■ Available data
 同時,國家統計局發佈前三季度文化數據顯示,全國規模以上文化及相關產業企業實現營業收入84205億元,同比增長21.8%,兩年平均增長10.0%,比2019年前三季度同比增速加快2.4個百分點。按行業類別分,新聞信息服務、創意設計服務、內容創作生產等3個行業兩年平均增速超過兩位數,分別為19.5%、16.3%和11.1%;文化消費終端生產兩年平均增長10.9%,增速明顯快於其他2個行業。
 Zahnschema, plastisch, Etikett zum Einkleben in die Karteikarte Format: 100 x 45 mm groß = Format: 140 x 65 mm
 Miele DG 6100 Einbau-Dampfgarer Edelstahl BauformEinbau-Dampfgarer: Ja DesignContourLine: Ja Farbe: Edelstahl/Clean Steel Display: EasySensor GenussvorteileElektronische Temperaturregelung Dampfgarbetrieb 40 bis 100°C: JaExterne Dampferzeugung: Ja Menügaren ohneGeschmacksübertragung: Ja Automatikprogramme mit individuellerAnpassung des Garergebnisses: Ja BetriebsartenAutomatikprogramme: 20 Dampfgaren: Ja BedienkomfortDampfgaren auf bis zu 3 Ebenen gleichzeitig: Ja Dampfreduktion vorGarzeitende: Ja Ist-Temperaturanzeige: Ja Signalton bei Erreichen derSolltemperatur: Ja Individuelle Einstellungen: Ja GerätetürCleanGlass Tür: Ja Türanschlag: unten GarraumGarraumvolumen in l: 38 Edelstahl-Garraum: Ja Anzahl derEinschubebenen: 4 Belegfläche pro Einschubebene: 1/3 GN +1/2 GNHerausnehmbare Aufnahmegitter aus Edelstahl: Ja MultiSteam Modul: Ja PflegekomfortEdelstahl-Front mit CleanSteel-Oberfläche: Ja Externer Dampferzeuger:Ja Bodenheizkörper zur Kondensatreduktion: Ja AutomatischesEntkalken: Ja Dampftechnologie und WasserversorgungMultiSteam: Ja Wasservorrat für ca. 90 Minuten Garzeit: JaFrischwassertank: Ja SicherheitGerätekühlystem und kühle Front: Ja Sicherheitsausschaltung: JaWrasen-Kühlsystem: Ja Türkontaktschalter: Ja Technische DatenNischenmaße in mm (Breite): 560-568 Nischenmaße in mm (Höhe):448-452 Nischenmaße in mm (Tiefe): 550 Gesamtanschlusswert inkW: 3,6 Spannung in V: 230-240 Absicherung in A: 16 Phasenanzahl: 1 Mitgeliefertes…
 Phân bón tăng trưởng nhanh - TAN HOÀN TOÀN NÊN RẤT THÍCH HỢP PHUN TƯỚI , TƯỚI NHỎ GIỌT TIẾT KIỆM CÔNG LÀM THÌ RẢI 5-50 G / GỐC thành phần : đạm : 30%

---

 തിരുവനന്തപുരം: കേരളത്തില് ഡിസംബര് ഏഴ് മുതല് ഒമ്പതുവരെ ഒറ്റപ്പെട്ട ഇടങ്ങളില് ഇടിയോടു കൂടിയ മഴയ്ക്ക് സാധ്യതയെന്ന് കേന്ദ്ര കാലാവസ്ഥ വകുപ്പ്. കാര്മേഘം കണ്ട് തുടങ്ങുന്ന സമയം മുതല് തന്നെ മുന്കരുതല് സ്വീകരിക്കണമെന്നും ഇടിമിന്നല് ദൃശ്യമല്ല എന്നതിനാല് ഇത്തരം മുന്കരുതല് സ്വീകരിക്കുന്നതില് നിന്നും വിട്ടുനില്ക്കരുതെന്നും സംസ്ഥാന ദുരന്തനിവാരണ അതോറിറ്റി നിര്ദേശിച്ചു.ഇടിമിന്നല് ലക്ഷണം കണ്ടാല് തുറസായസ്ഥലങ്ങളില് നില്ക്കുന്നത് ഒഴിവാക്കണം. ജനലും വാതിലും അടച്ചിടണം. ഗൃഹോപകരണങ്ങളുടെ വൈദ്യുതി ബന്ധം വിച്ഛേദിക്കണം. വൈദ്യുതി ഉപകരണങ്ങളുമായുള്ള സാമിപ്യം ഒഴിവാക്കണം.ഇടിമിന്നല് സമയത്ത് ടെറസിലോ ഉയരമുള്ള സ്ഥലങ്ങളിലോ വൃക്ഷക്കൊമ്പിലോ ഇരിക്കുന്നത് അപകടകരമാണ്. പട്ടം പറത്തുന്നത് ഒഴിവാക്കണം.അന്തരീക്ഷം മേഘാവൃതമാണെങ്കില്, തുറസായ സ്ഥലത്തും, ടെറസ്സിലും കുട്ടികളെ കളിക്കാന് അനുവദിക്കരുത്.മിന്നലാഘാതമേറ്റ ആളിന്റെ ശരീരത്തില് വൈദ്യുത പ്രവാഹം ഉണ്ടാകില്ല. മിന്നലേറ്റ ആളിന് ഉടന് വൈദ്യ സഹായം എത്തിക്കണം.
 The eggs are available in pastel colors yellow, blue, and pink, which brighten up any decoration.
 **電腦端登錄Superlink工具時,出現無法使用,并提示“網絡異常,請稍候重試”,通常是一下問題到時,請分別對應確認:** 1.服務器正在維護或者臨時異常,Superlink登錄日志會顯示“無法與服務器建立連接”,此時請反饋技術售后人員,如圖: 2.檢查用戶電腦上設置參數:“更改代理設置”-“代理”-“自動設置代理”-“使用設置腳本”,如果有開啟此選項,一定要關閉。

==

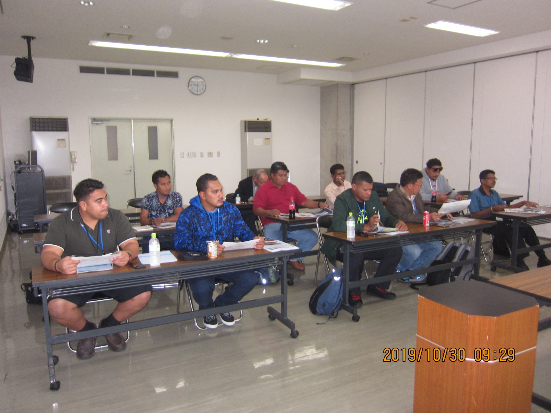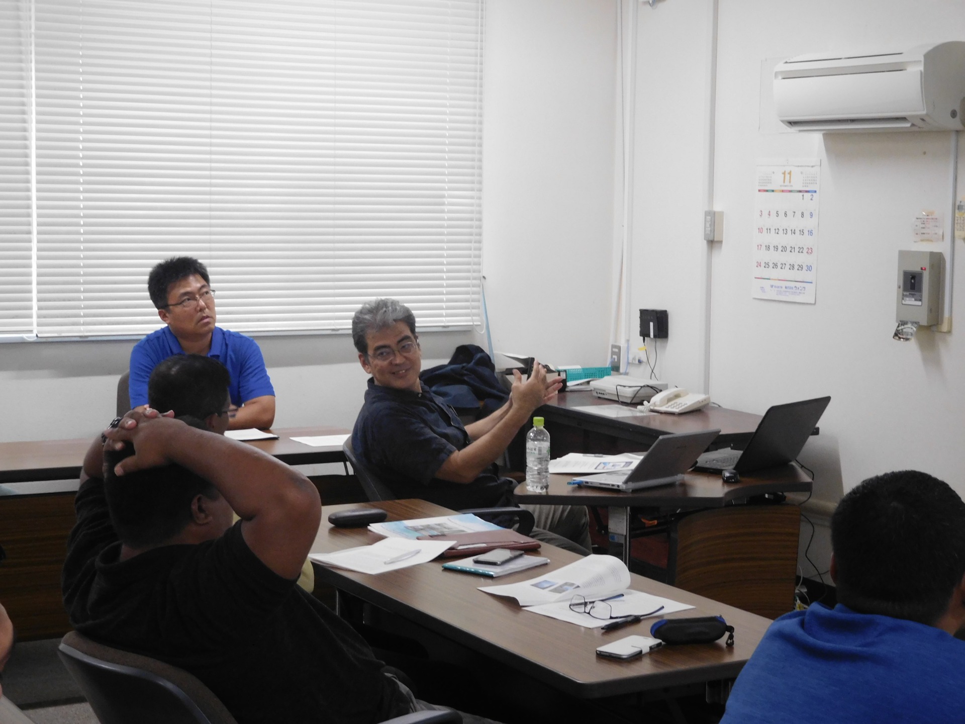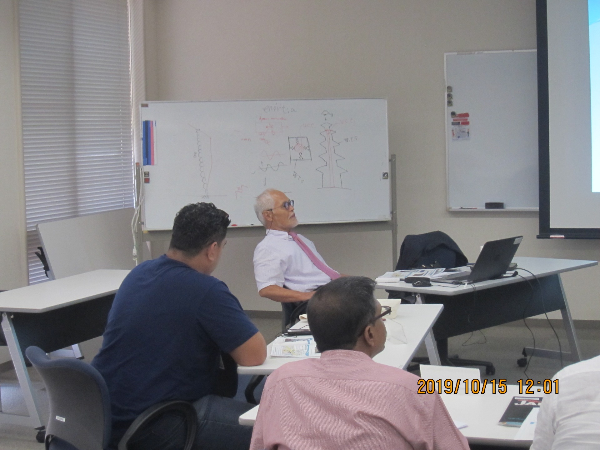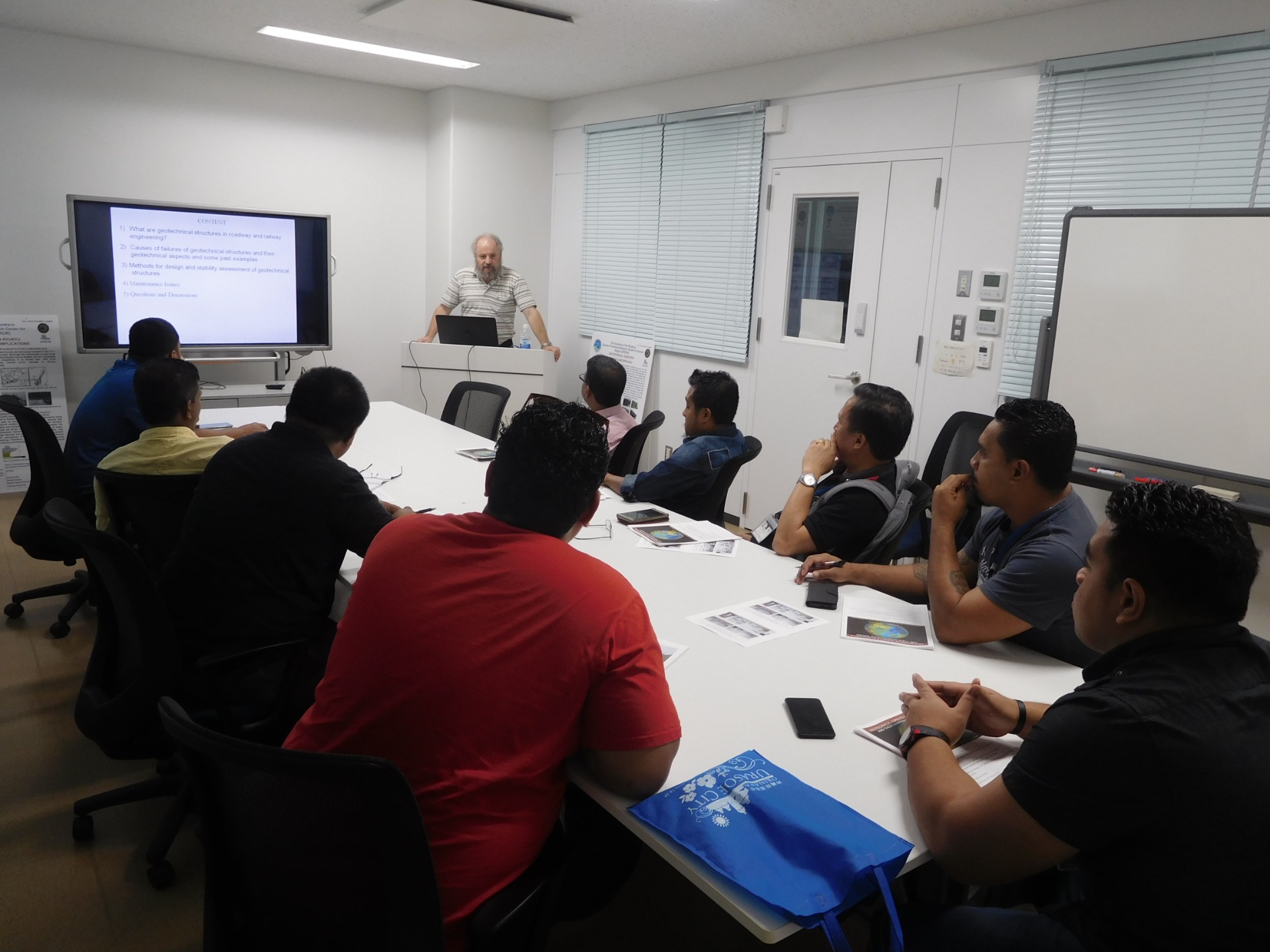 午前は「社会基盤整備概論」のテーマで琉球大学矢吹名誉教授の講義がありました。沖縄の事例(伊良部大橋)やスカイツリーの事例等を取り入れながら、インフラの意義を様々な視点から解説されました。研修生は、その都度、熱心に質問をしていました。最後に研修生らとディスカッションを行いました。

■ What is expected
Reproduce, exactly as they stand in the data above, the lines from the one that holds "同時,國家統計局發佈前三季度" to the one that holds "Zahnschema, plastisch, Etikett", inclusive.

■ Result of the task
 同時,國家統計局發佈前三季度文化數據顯示,全國規模以上文化及相關產業企業實現營業收入84205億元,同比增長21.8%,兩年平均增長10.0%,比2019年前三季度同比增速加快2.4個百分點。按行業類別分,新聞信息服務、創意設計服務、內容創作生產等3個行業兩年平均增速超過兩位數,分別為19.5%、16.3%和11.1%;文化消費終端生產兩年平均增長10.9%,增速明顯快於其他2個行業。
 Zahnschema, plastisch, Etikett zum Einkleben in die Karteikarte Format: 100 x 45 mm groß = Format: 140 x 65 mm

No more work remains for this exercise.